Years ago in the town of Tehachapi CA they had a coin operated layout depicting Tehachapi loop, it was in the front of a restaurant, I think it cost 50 cents to operate, had a two trains on it an SP and a Santa Fe, I first saw it in 1984, last time I saw it was 91 I believe and at that time it was not operating and was in need of refurbishment, one of the trains was derailed and it was sad looking, pretty sure it long gone by now, there was a short article in a magazine back then about it, don't remember which one, somewhere I have some old faded pics I took with my Kodak disc camera


----------



## Trackjockey05 (Jun 30, 2020)

Fire21 said:


> I remember 5-6 years ago going to a RR museum somewhere in the Black Hills of SD, but can't remember the town. Anyway, they had an HO layout that had coin-op trains. Got several minutes for a quarter. Was a pretty good layout.


Was it the one at Hill City SD? went there in 2010 decent little museum


----------



## coblesan (Sep 28, 2019)

There are several around Europe that operate on 1 and 2 Euro coins. They are usually in Train Stations or museums in major cities. Fun to look at when traveling.


----------



## CTValleyRR (Jul 26, 2014)

Old_Hobo said:


> The electricity to run a model railroad is the least expensive aspect.....


Don't tell my wife that!


----------



## Murv2 (Nov 5, 2017)

Actually it's a unique way to ensure the train is running when people are interested but not wearing out when no one is looking at it.


----------



## Old_Hobo (Feb 20, 2014)

CTValleyRR said:


> Don't tell my wife that!


Telling her the electricity is the most expensive won’t help either......


----------



## Wooky_Choo_Bacca (Nov 13, 2020)

This was 40 years ago when I was stationed in Germany, who knows if it's still there. In the Frankfurt Hauptbahnhof (Main Train Station) they had a Euro themed layout with several trains and 2 or 3 different scales, yeah it was a good size glass case. Drop a coin and watch a train run for a few minutes


----------



## Billy 2 Wolves (May 22, 2018)

RustyLynx said:


> I remember seeing one of these recenly something.
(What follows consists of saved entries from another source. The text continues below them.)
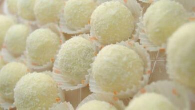 • تشكيل العجينة إلى كرات صغيرة، وحشو كل كرة بمكعب من جبنة الحلوم، ثم تركها حتى تختمر مدة سبع دقائق إضافية.
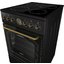 Устройства с тремя духовками также имеют один основной и две дополнительных шкафа разного объема: например, плиты Bertazzoni оснащены большой духовкой объемом 69 литров, средней объемом 54 литра и малой объемом 24 литра. Духовки располагаются в два ряда: две меньшие духовки в одном ряду, большая и ящик для посуды в другом.
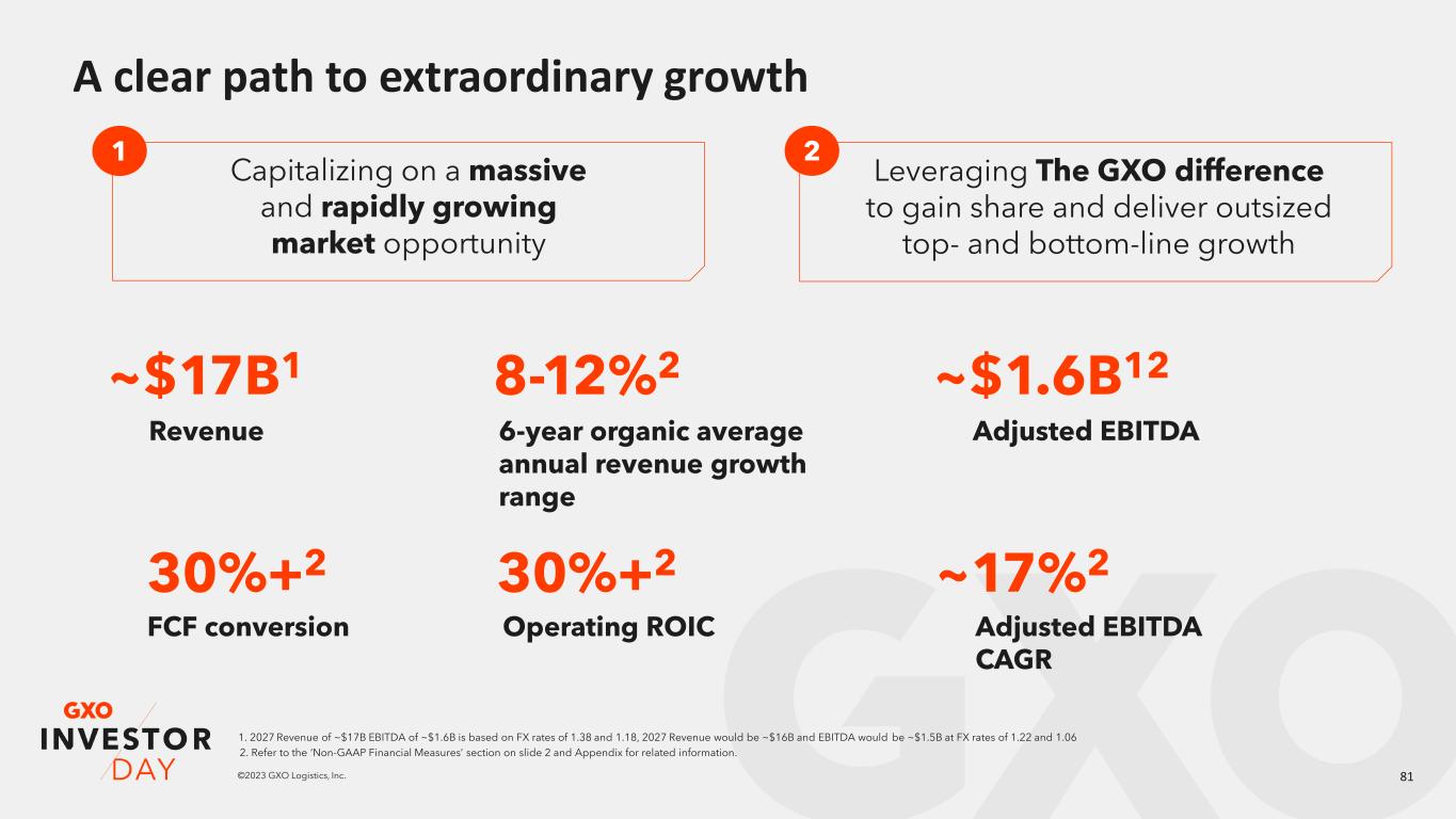 81©2023 GXO Logistics, Inc. A clear path to extraordinary growth 1. 2027 Revenue of ~$17B EBITDA of ~$1.6B is based on FX rates of 1.38 and 1.18, 2027 Revenue would be ~$16B and EBITDA would be ~$1.5B at FX rates of 1.22 and 1.06 Revenue ~$17B1 6-year organic average annual revenue growth range 8-12%2 Adjusted EBITDA ~$1.6B12 FCF conversion 30%+2 Operating ROIC 30%+2 Adjusted EBITDA CAGR ~17%2 1 2 Capitalizing on a massive and rapidly growing market opportunity Leveraging The GXO difference to gain share and deliver outsized top- and bottom-line growth 2. Refer to the ‘Non-GAAP Financial Measures’ section on slide 2 and Appendix for related information.
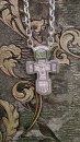 Зображено на фото: Розп'яття Христове. Свята Трійця. Святий Миколай Чудотворець. Мученик Трифон. Три святителя. Ікона Божої Матері "Толгская". Ангел охоронець. Преподобний Сергій Радонезький. Святий Спиридон Тріміфунскій.					1. Розмір: 7 х 4 мм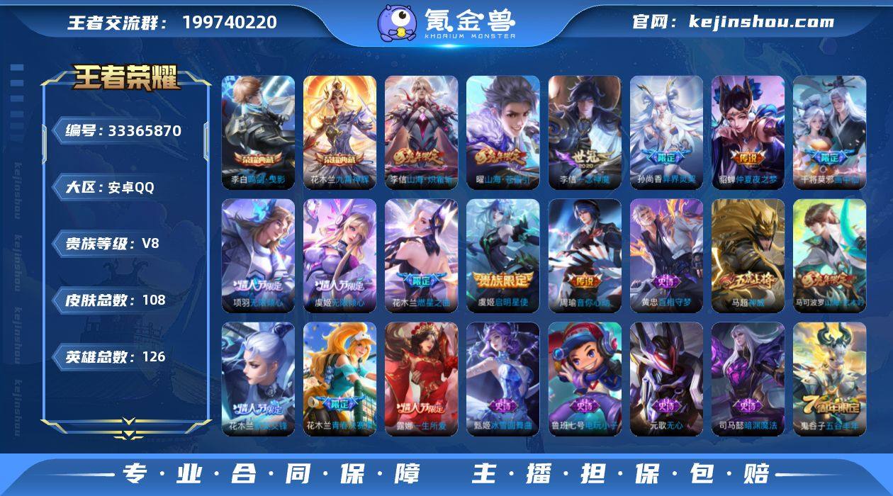 TD2641108无二次安卓Q-V8-尊贵铂金III段位-126英雄-108皮肤-2典藏皮肤-11传说-32史诗 【荣耀典藏】:李白鸣剑曳影,花木兰九霄神辉 【传说皮肤】:干将莫邪画中仙,花木兰燃星之曲,虞姬无限倾心,项羽无限倾心,曜山海苍雷引,李信山海炽霜斩,孙尚香异界灵契,周瑜音你心动,虞姬启明星使,李信一念神魔,貂蝉仲夏夜之梦 【限定皮肤】:狄仁杰阴阳师,赵云皇家上将,嬴政优雅恋人,孙尚香异界灵契,元歌无心,马可波罗山海玄木吟,狄仁杰魔术师,狄仁杰万华元夜,达摩沙漠行僧,项羽海滩派对,项羽无限倾心,老夫子醍醐杖,程咬金演武夺筹,露娜一生所爱,韩信逐梦之影,兰陵王金庭之子,花木兰青春决赛季,花木兰默契交锋,花木兰燃星之曲,李元芳云中旅人,虞姬启明星使,虞姬无限倾心,钟馗驱傩正仪,干将莫邪画中仙,鬼谷子原初探秘者,鬼谷子五谷丰年,苏烈千军破阵,沈梦溪大漠名商,裴擒虎擒涛扼浪,米莱狄御霄,李信山海炽霜斩,曜山海苍雷引,鲁班大师探海日志,桑启海盐诗旅,张良古海寻踪,鬼谷子天穹祈灯 【年限皮肤】:曜山海苍雷引,李信山海炽霜斩,马可波罗山海玄木吟 【赛季限定】:米莱狄御霄,老夫子醍醐杖,鬼谷子原初探秘者,狄仁杰万华元夜,程咬金演...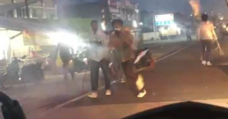 Selain membawa sajam, puluhan pelajar itu menyerang menggunakan kembang api.

You'd insert 25 cents or something and the trains would go.
> 
> Who else has seen model train layouts like these?


There is one in the Bradley Square Mall in Cleveland, TN
I assume it's still there been: several months since I was last at the Mall.


----------



## elcidnc (Aug 18, 2019)

RustyLynx said:


> I remember seeing one of these recenly something. You'd insert 25 cents or something and the trains would go.
> 
> Who else has seen model train layouts like these?


Saw one in a mall 30 years ago. HO Over and Under figure eight full enclosed with simple scenery, put the money in and it'd do two or three laps.


----------



## WMnut (Oct 23, 2019)

trenes115 said:


> There is one in the main hall of Copenhagen Central Station (Denmark). Different coin slots allow one to choose which train to run. There has been a layout in the station for decades but it has been rebuilt or replaced over the years.
> Model Train Track | Hovedbanens Shoppingcenter


Now that`s cool..🙂


----------